Date of report (Date of earliest event reported) October 9, 2009

 

 

PHOENIX FOOTWEAR GROUP, INC.

(Exact Name of Registrant as Specified in Its Charter)

 

 

Delaware

(State or Other Jurisdiction of Incorporation)

 

001-31309   15-0327010
(Commission File Number)   (IRS Employer Identification No.)

 

5840 El Camino Real, Suite 106, Carlsbad, California   92008
(Address of Principal Executive Offices)   (Zip Code)

(760) 602-9688

(Registrant’s Telephone Number, Including Area Code)

 

(Former Name or Former Address, if Changed Since Last Report)

 

 

Check the appropriate box below if the Form 8-K filing is intended to simultaneously satisfy the filing obligation of the registrant under any of the following provisions (see General Instruction A.2. below):

 

¨ Written communications pursuant to Rule 425 under the Securities Act (17 CFR 230.425)

 

¨ Soliciting material pursuant to Rule 14a-12 under the Exchange Act (17 CFR 240.14a-12)

 

¨ Pre-commencement communications pursuant to Rule 14d-2(b) under the Exchange Act (17 CFR 240.14d-2(b))

 

¨ Pre-commencement communications pursuant to Rule 13e-4(c) under the Exchange Act (17 CFR 240.13e-4(c))

 

 

 

 


INFORMATION TO BE INCLUDED IN THE REPORT

Section 1 – Registrant’s Business and Operations

 

Item 1.01 Entry Into a Material Definitive Agreement.

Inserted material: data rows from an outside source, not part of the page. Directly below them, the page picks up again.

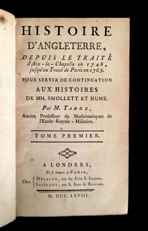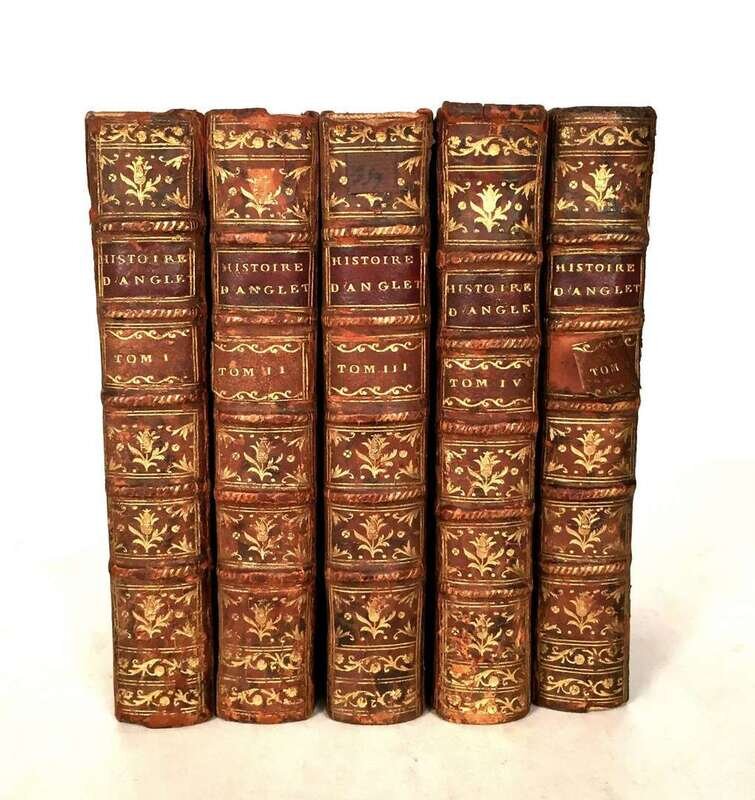 (Literature : French). 5 vols. French Imprints with Princessly Bookplates: Hume, David; Smollett, Tobias. Histoire d' Angleterre. London; Paris: Desaint; Saillant, 1768. 12mo, contemporary gilt-paneled mottled calf, richly gilt foliate spine compartments, morocco spine labels - several starting to detach; joints & extremities rubbed, a few spine heads rubbed away. Internally generally clean. With the armorial bookplate of La Princesse de Turenne née Princesse de Lorraine on each pastedown.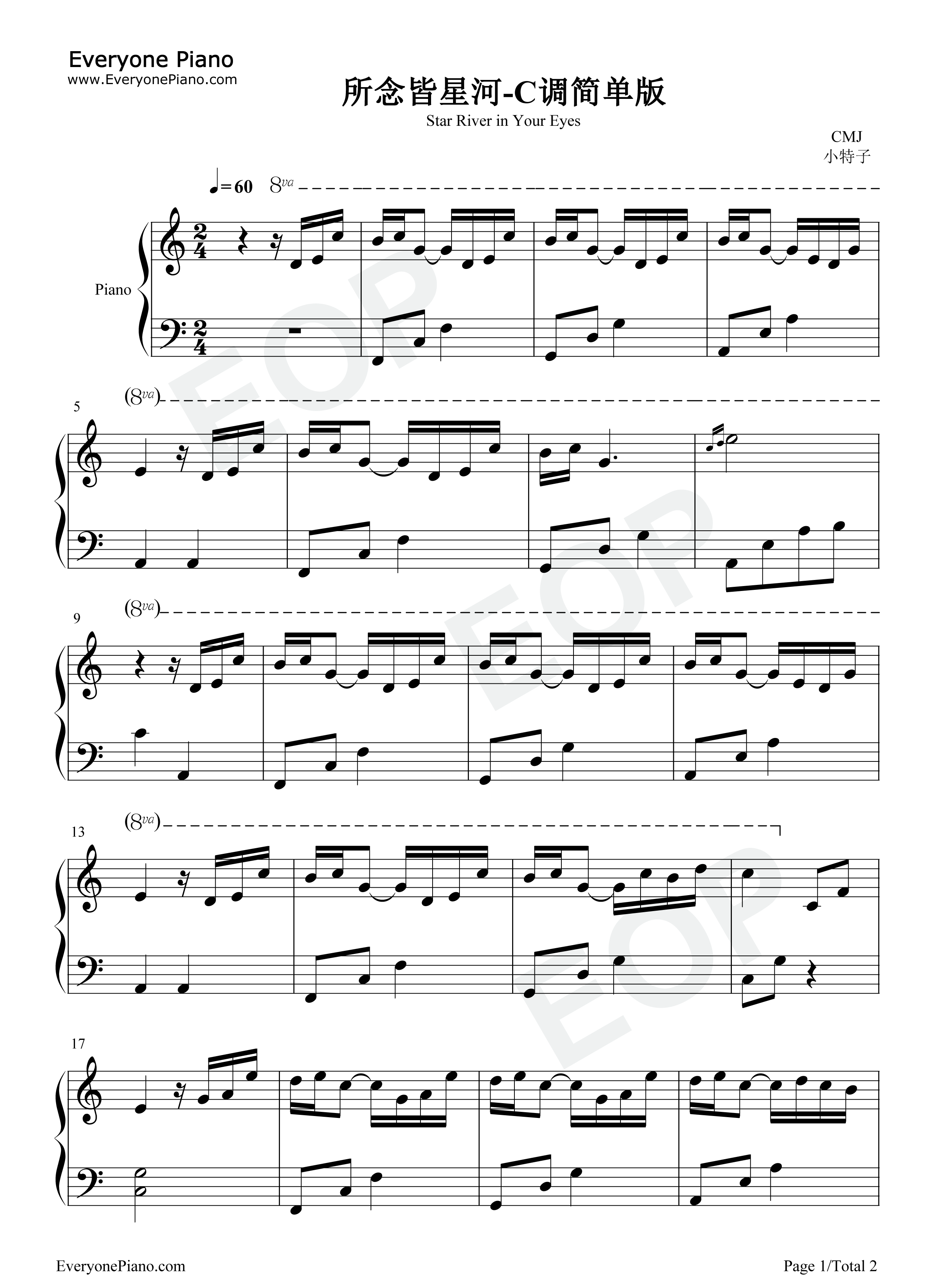 所念皆星河-c调简单版五线谱预览1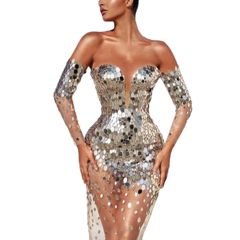 Girare la testa con questo abito lungo in rete trasparente con paillettes scintillanti, presenta un sorprendente dorato/argento è fantastico per realizzare una dichiarazione attraente.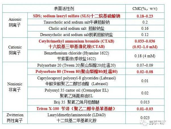 常見(jiàn)表面活性劑的種類及臨界膠束濃度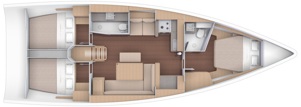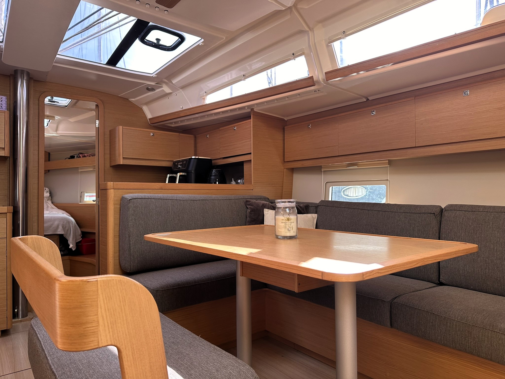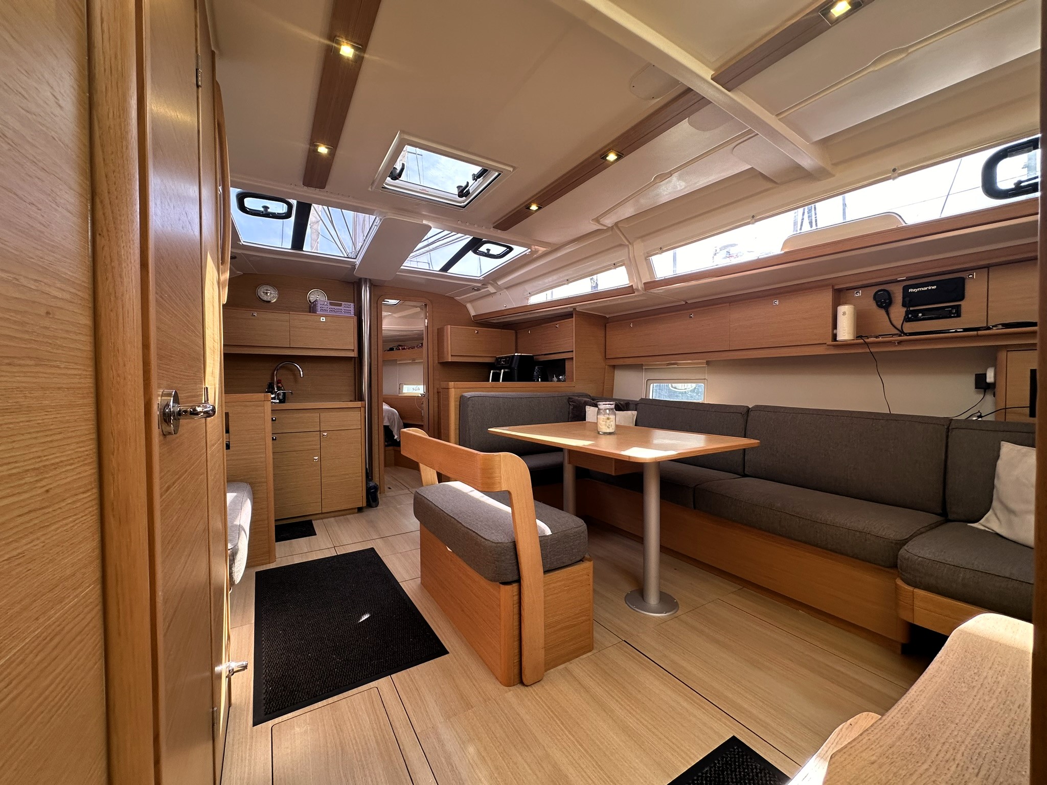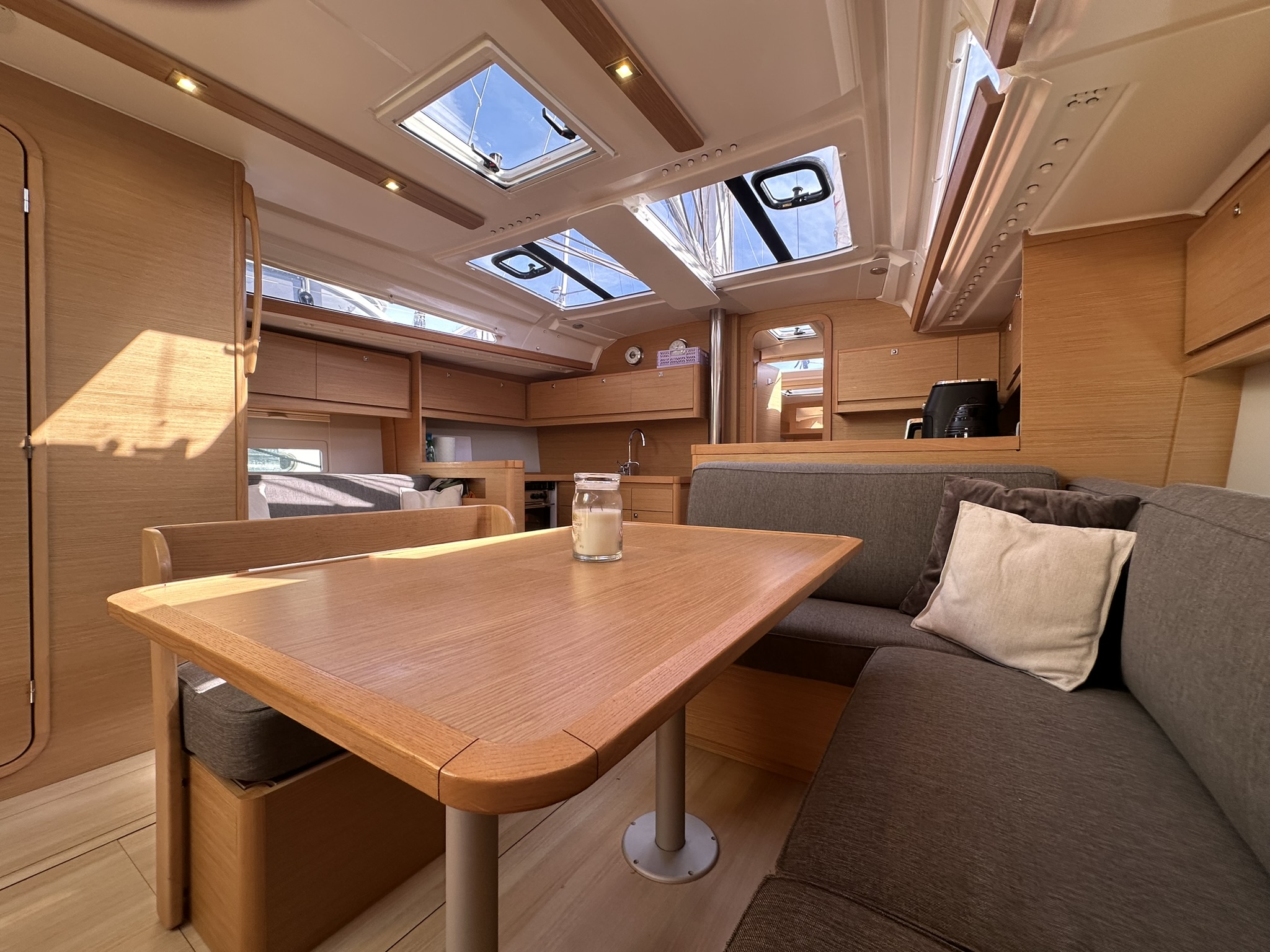 SALOON - L-shaped seating to starboard and centreline seat around table with second settee on portside (table convertible into berth), drop-down chart table to create additional seating, 2x wine cellars, 2x skylight hatches, 2x hull windows, opening hatch and opening portlight.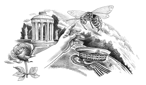 Над розой сейчас летал крохотный полосатый монстр. Его прозрачные крылья гудели, а мохнатые, рахитично полусогнутые ножки с острыми коготками нащупывали опору. Наконец он зацепился за упругий лепесток и повис на нем. Хрустальные глаза, словно зеркала, отразили голубую траву и сидящего перед цветком ребенка.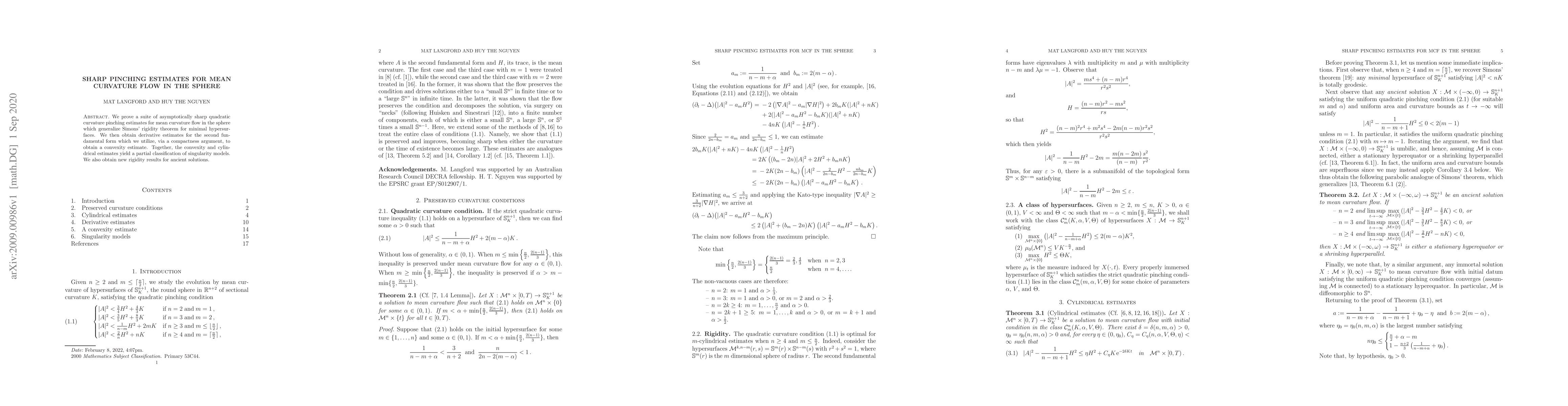 We prove a suite of asymptotically sharp quadratic curvature pinching estimates for mean curvature flow in the sphere which generalize Simons' rigidity theorem for minimal hypersurfaces. We then obtain derivative estimates for the second fundamental form which we utilize, via a compactness argument, to obtain a convexity estimate. Together, the convexity and cylindrical estimates yield a partial classification of singularity models. We also obtain new rigidity results for ancient solutions.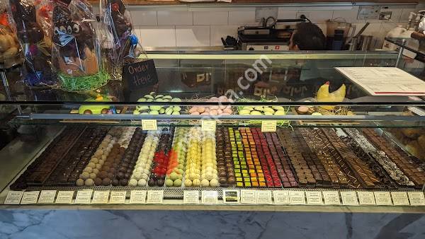 Airy space for acclaimed chocolatier's handcrafted sweets & pastries, plus soups & sandwiches.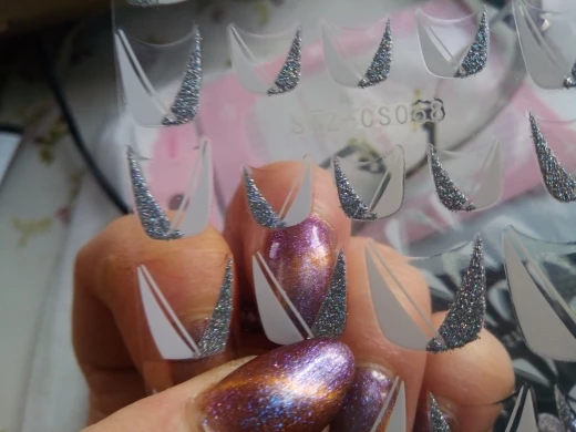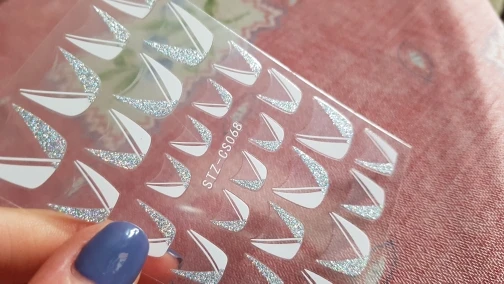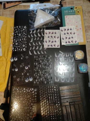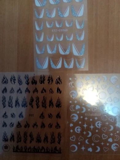 Наклейки замечательные, но только на очень тонкие пальцы. Для меня на большой палец ни одна из самых широких наклеек не подходит- по краям остаются пустоты по 2-3мм, хотя пальцы у меня вроде не толстые. Спор открывать не стала - отдам дочке подростку.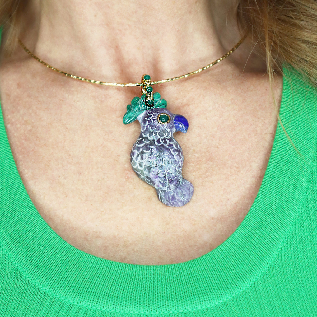 Collar rigido de aleación de metales con baño de oro de 14KT. Dije de ave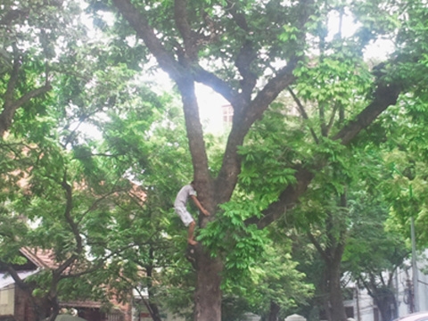 Ngồi trên cây sấu không thiết bị bảo hộ rất nguy hiểm. Việc bẻ cành, ngắt lá vứt xuống đường làm mất mỹ quan, ảnh hưởng đến môi trường và có thể gây nguy hiểm cho người đi đường.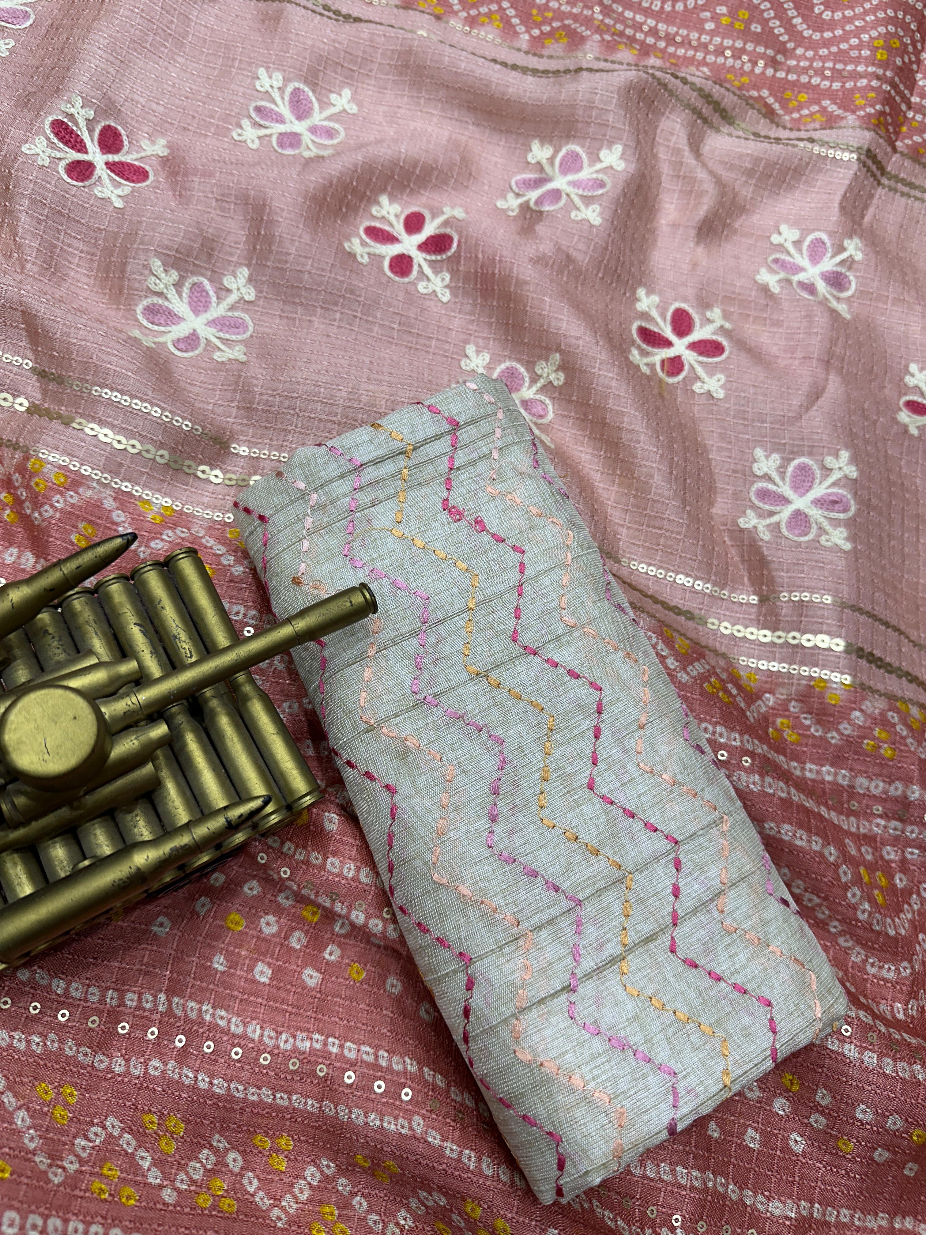 Saree- Bandhej print with matt sequin khatha work and multi thread work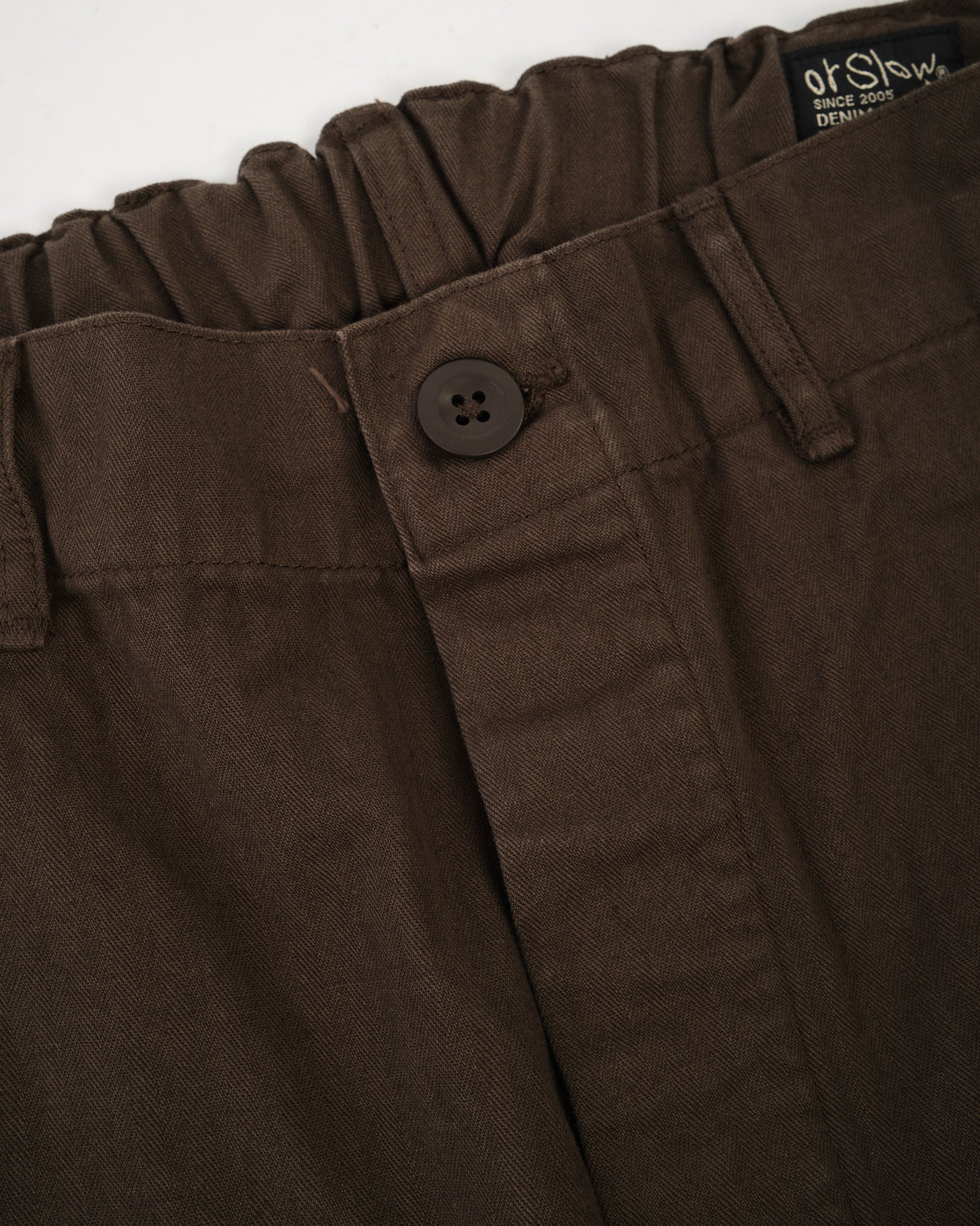 orSlow Wide Fit Work Pants -housut kahvinruskeassa sävyssä tuovat modernin vivahteen perinteiseen ranskalaiseen työasusteeseen tarjoten mukavan ja käytännöllisen leveälahkeisen istuvuuden, joka sopii monenlaisiin tilaisuuksiin. Käsityönä Japanissa valmistetut housut on tehty puuvillamateriaalista ja niissä on korkea vyötärö sekä tilava lahkeen leikkaus, mikä mahdollistaa esteettömän liikkumisen. Tyylikäs kahvinruskea sävy lisää monikäyttöisyyttä ja eleganssia näihin housuihin, jotka ovat täydelliset sekä rennoissa kokoontumisissa että virallisissa tilaisuuksissa. Etu- ja takataskujen sekä kestävän rakenteen ansiosta, jotka takaavat pitkäaikaisen käytön, se korostaa orSlown sitoutumista laatuun ja klassiseen muotoiluun.

Effective October 15, 2009, Phoenix Footwear Group, Inc. (“Phoenix Footwear” or the “Company”) and its subsidiaries together with Wells Fargo Bank, National Association (“Wells Fargo”), entered into a Third Amendment to Forbearance Agreement and Fourth Amendment to Credit and Security Agreement (the “Fourth Amendment”). The Fourth Amendment amends and modifies certain terms of the Credit and Security Agreement dated June 10, 2008 (the “Credit Agreement”), as amended by the Forbearance Agreement and First Amendment to Credit and Security Agreement dated July 7, 2009 (the “First Amendment”), the First Amendment to Forbearance Agreement and Second Amendment to Credit and Security Agreement dated July 24, 2009 (the “Second Amendment”), and the Second Amendment to Forbearance Agreement and Third Amendment to Credit and Security Agreement dated September 29, 2009 (the “Third Amendment”), among Phoenix Footwear and its subsidiaries and Wells Fargo.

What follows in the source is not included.